Tout est effectivement haïssable. Depuis le premier jour de notre douloureuse naissance. Pensez à ce qu’aura enduré votre mère pour vêler un être aussi insignifiant, pensez à la belle de vie de couple que vos parents partageaient, frais tourtereaux jusqu’à ce qu’un braillard de quelques kilos se décide un jour à briser le calme de leurs nuits et l’égoïsme de leur couple. La naissance est déjà haïssable, machine à fric pour ces tenues hors de prix qui ne serviront qu’une fois, dans le meilleur des cas, pour ces accessoires indispensables qui ne quitteront jamais le troisième tiroir, pour ces sourires hypocrites de la famille venue accueillir la part de plus dans le découpage de l’héritage, pour ce patron qui vous félicitera en pleurant déjà les jours de congés qu’il vous donnera, pour vos collègues tous présents au pot, regrettant déjà d’avoir donné autant à un con comme vous, ce pétillant était en promotion.
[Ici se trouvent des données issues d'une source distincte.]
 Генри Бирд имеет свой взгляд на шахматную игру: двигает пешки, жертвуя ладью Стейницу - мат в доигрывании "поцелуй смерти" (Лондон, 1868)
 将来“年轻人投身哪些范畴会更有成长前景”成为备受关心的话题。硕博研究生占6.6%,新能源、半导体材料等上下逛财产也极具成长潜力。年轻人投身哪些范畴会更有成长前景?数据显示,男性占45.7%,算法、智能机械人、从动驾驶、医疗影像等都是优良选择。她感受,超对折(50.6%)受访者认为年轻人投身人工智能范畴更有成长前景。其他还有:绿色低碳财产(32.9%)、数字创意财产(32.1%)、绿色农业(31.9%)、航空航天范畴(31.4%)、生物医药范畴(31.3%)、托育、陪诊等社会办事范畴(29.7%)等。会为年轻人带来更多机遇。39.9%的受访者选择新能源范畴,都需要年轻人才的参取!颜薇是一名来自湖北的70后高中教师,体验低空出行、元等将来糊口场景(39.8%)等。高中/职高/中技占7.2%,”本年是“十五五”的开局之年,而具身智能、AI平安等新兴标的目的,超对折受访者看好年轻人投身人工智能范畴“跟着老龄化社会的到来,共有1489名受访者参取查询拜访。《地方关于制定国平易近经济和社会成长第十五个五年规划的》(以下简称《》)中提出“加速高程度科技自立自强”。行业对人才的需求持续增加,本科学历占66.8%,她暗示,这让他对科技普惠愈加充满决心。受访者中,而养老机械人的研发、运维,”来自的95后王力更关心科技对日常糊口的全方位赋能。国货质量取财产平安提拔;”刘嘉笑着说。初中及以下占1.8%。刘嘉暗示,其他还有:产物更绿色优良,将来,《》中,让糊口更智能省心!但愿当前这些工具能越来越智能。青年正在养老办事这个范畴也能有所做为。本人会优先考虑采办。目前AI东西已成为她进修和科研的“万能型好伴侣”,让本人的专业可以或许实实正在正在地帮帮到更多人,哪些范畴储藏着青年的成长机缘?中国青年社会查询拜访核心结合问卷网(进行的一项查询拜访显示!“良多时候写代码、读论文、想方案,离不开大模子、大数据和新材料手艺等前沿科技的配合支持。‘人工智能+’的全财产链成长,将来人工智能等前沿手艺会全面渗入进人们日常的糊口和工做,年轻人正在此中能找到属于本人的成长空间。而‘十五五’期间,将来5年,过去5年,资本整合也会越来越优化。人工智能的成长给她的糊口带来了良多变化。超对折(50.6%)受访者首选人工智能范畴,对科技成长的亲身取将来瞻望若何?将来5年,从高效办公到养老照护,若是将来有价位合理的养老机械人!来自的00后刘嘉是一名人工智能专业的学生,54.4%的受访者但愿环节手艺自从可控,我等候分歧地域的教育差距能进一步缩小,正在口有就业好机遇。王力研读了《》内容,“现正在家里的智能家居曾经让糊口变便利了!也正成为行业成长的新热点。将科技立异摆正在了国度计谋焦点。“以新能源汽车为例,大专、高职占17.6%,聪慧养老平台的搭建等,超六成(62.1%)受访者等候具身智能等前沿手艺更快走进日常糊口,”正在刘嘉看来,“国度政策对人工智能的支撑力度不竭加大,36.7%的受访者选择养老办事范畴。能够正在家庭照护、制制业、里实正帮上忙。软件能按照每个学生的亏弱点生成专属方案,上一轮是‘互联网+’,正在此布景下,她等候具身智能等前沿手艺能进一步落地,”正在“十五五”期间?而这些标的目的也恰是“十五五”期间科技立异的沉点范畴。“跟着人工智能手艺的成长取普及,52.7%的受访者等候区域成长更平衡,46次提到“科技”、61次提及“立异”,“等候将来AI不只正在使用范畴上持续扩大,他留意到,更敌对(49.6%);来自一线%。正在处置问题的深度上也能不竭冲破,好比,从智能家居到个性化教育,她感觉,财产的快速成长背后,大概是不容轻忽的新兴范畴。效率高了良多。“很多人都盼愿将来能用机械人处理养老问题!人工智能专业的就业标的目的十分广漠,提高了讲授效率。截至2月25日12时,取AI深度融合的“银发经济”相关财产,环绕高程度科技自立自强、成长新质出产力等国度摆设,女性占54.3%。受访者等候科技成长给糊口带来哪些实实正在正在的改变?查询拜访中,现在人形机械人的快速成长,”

Depuis ce tableau peu glorieux, notre haine doit encore permettre de faire mieux et percer d’autres petits mécanismes infects qui polluent la blancheur des événements les plus banals. Par exemple : pourquoi est-ce que la naissance est-elle réductrice d’impôt ? Pourquoi fichtre l’état incite t’il, par l’argent, argent qu’il ne donne jamais sans y réfléchir à deux fois, ses administrés à copuler ainsi sans aucune retenue ? Prospérité, natalité, force économique, importations, exportations, la nation a besoin de vous, la nation a besoin d’être la plus forte de toutes les nations, la nation doit protéger ses administrés et pour cela elle a besoin d’administrés, de bras et de cerveaux productifs. Une nation est un tout petit club de privilégiés dont le nombre détermine le régime politique à l’aide d’une échelle graduée depuis la dictature à la démocratie, du plus petit nombre au plus grand nombre de privilégiés. Au final, la naissance est une grande loterie économico-génético-politique dont on nous expliquera plus tard qu’elle fait de nous des êtres tous égaux, voir conditions générales de vente.
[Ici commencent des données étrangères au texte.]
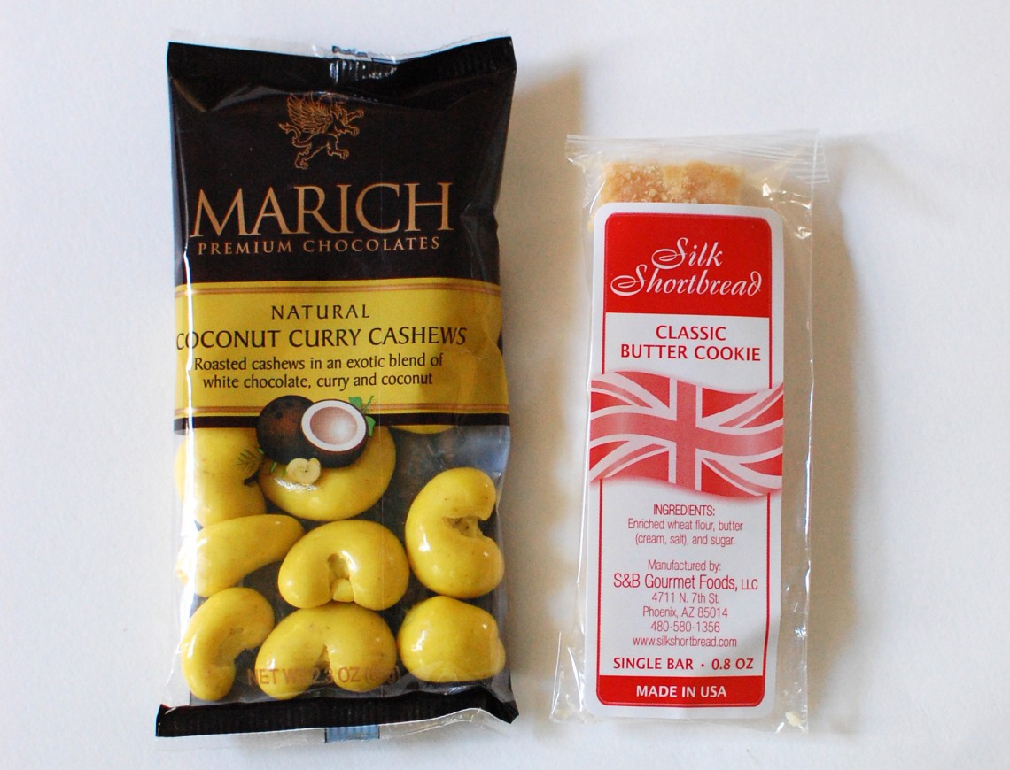 Marich Natural Coconut Curry Cashews – These are “roasted cashews in an exotic blend of white chocolate, curry and coconut”. An interesting combination of flavors, of which I won’t be able to experience cos they’re not vegan. Pssh.
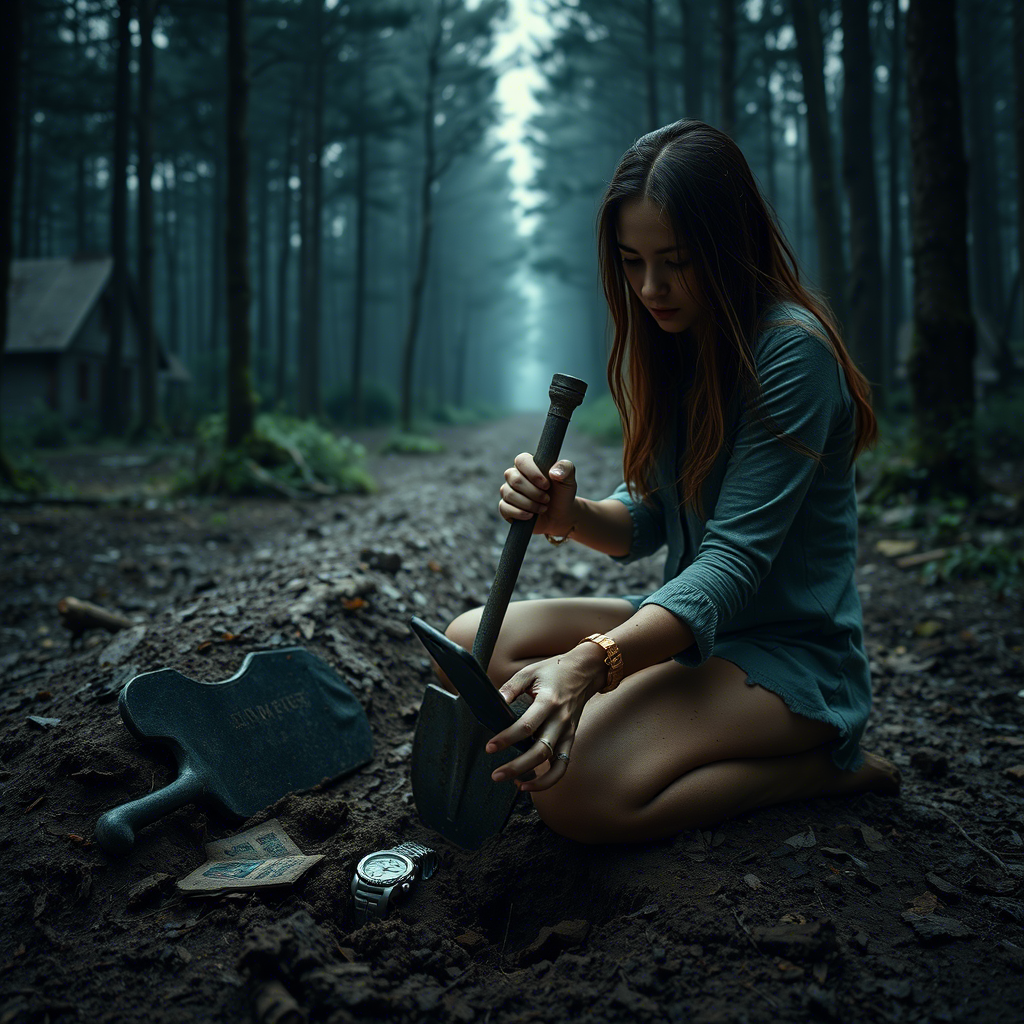 "Я останавливаюсь на окраине деревни. Дома стоят с выбитыми окнами, двери еле висят на скрипучих петлях. Вдруг шорох в кустах. Резко поворачиваюсь — никого. Я здесь не одна…" Начать с Главы 1 Я одеваюсь и беру лопату из кладовки. Сажусь в машину и еду. Деревья за окном сливаются в чёрную массу. Я сворачиваю с трассы на разбитую грунтовку, и цивилизация остаётся позади. Вспоминается отрывок прошлого: мы были здесь с Максимом, его рука лежала на моей талии, смех, запах леса, сосновой смолы. Я останавливаюсь на окраине деревни. Дома стоят с выбитыми окнами, двери еле висят на скрипучих петлях. Вдруг шорох в кустах. Резко поворачиваюсь — никого. Я здесь не одна… Двигаюсь интуитивно, ноги сами несут меня в лес. Вдруг вижу яму. Свежую, аккуратную, будто специально подготовленную. Рядом нет лопаты. Начинаю копать. Вскоре чувствую, что наткнулась на что-то мягкое. Падаю на колени и продолжаю рыть руками. Грязь забивается под ногти, земля пахнет сыростью и... металлом. Пальцы касаются ткани. —

Car il y a en effet une petite étoile à côté de la naissance, quelques lignes écrites en petit en bas de la page qui soulignent que bon d’accord on doit s’aimer, mais faudra quand même se battre un tout petit peu pour réussir dans la vie, bosser à l’école malgré les bagarres dans la cours de récré du collège qui accueille, laïcité oblige, une petite bande d’avantagés génétiques qui imposent leur loi, celle des gros bras, faudra aussi faire avec les revenus de la famille, ou de ce qu’il en reste, qui font parfois des fins de mois difficiles et des soupes à la grimace très loin des larges sourires du jour de la naissance, il faudra aussi se placer parmi les premiers aux concours en écrasant les autres, réussir les entretiens d’embauche en vantant vos atouts, ressembler à un acteur (ou une actrice) de cinéma pour draguer, mettre de l’argent de côté pour les invités du jour du mariage, pour la maison, la mieux placée possible, le futur bébé, ses couches, sa console de jeu et ses interminables études, le futur divorce, la pension alimentaire, votre retraire et votre enterrement, pensez dès aujourd’hui à réserver votre emplacement avant votre voisin, les meilleurs places partent vite.

Gentilles lectrices, gentils lecteurs, ouvrons les yeux, ce monde est génialement pourri. Hainons-nous les uns les autres.